● Work instructions:
Word for word, transcribe the data below from the line with "Jessica Simpson Jumpsuit" to the line with "2012年9月5日下午13:30,在天安", keeping both of those lines.

● Material for this exercise:
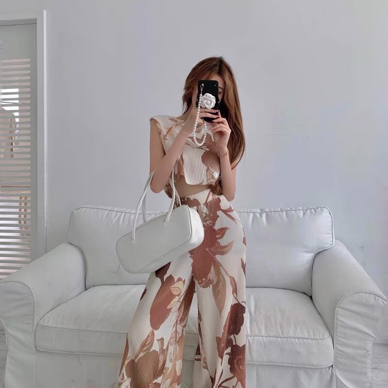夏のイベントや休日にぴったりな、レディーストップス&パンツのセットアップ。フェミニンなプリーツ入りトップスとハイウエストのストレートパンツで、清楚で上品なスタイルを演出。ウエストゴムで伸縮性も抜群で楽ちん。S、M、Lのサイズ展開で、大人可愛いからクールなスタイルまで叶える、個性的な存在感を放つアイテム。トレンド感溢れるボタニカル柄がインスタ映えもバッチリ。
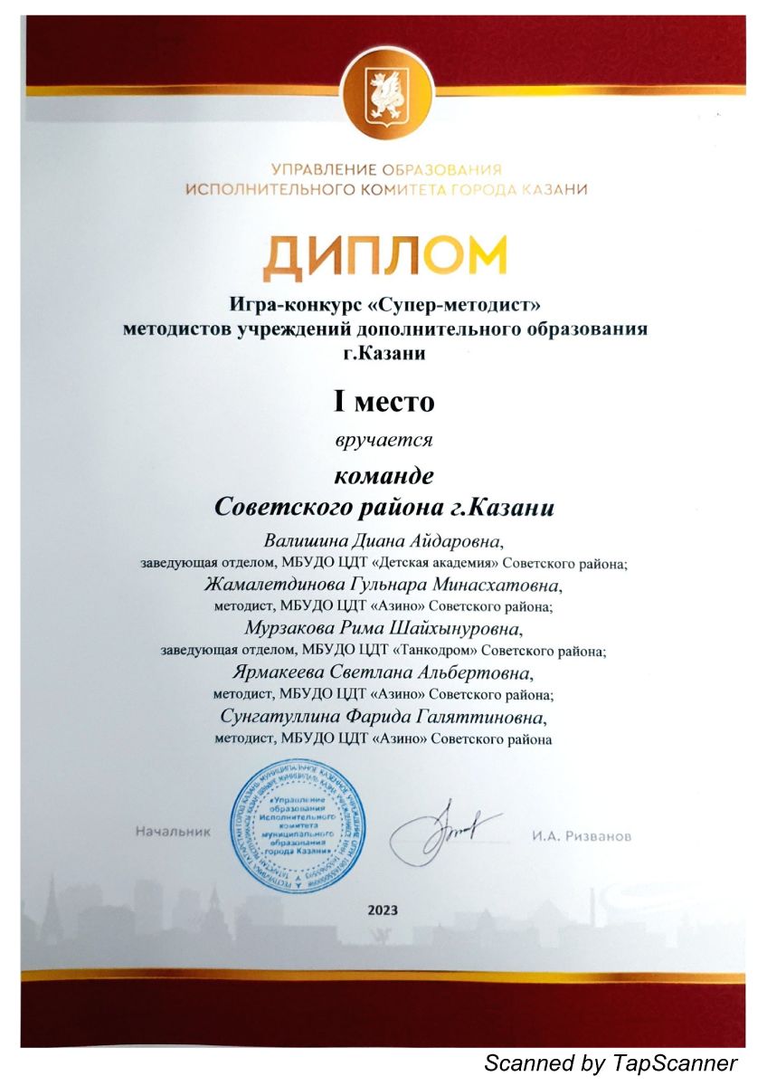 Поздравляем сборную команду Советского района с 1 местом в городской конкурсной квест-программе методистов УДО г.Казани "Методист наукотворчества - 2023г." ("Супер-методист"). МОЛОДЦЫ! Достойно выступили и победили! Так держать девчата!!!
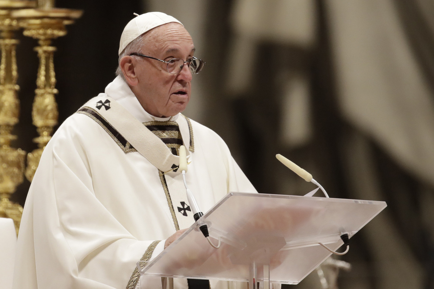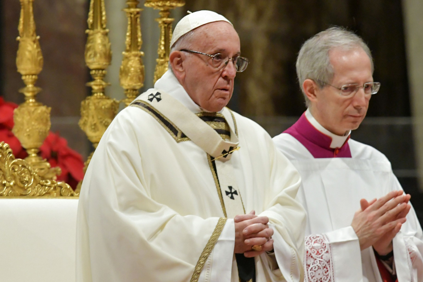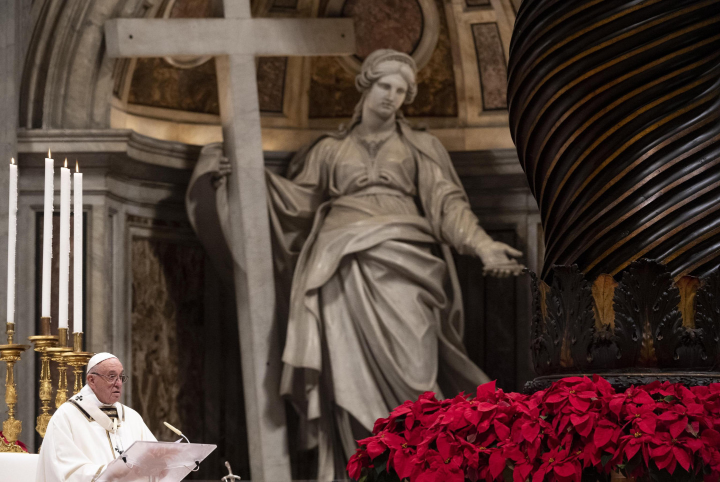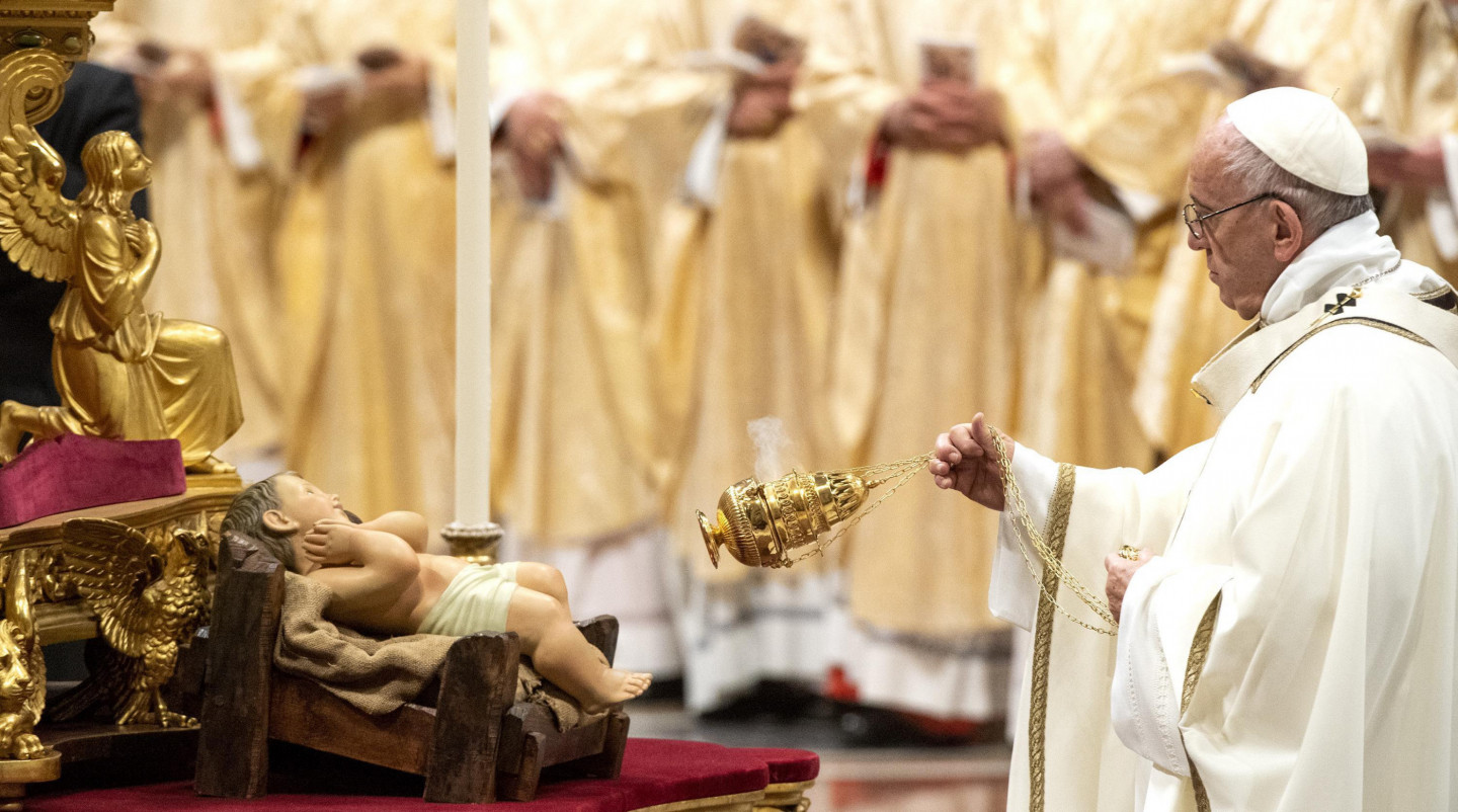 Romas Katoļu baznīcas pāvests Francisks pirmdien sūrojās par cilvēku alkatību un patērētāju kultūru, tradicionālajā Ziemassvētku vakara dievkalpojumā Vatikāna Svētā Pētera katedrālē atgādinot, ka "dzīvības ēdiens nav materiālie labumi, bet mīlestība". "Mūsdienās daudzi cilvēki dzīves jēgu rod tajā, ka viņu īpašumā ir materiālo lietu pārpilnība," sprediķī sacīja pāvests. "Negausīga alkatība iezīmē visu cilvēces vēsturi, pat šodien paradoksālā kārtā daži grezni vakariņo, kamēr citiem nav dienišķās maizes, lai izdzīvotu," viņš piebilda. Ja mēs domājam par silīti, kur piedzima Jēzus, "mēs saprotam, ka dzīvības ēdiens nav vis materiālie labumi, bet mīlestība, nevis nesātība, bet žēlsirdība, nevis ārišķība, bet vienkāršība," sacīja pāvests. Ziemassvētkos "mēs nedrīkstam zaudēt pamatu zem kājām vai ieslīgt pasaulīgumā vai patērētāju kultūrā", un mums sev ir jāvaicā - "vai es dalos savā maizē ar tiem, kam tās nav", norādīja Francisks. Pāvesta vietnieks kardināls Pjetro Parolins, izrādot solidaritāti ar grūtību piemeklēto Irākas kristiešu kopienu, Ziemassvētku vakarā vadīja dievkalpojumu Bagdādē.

==

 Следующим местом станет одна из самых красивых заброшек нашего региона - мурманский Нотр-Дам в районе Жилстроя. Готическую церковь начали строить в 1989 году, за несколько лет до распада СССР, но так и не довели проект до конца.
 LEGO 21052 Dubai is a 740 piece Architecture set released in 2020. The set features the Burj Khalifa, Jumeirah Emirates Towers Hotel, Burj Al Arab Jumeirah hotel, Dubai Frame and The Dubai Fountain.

---

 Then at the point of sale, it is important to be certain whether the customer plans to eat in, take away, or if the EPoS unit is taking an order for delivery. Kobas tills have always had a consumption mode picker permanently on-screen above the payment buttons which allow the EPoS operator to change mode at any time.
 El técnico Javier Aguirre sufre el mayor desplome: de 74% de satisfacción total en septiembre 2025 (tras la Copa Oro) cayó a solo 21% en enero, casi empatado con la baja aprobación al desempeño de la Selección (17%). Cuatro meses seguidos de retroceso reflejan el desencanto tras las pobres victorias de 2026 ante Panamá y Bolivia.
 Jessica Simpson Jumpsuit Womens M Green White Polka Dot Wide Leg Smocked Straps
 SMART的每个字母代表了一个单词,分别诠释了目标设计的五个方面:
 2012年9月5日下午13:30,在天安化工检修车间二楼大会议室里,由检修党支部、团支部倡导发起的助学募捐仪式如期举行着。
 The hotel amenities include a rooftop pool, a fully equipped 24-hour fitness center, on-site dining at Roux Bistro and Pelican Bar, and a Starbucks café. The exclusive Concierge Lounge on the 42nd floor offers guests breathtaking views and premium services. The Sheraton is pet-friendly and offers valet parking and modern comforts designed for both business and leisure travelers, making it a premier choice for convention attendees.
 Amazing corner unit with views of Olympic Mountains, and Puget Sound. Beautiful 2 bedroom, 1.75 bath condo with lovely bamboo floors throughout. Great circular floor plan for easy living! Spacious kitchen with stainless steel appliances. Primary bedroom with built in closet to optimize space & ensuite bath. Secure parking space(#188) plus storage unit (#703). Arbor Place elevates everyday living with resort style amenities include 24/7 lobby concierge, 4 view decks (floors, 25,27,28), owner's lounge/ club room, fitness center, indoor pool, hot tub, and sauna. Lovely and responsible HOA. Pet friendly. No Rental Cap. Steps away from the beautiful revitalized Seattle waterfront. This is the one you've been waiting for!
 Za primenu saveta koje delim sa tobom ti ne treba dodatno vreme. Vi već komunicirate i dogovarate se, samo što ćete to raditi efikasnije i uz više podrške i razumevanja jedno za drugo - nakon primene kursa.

● Answer box:
 Jessica Simpson Jumpsuit Womens M Green White Polka Dot Wide Leg Smocked Straps
 SMART的每个字母代表了一个单词,分别诠释了目标设计的五个方面:
 2012年9月5日下午13:30,在天安化工检修车间二楼大会议室里,由检修党支部、团支部倡导发起的助学募捐仪式如期举行着。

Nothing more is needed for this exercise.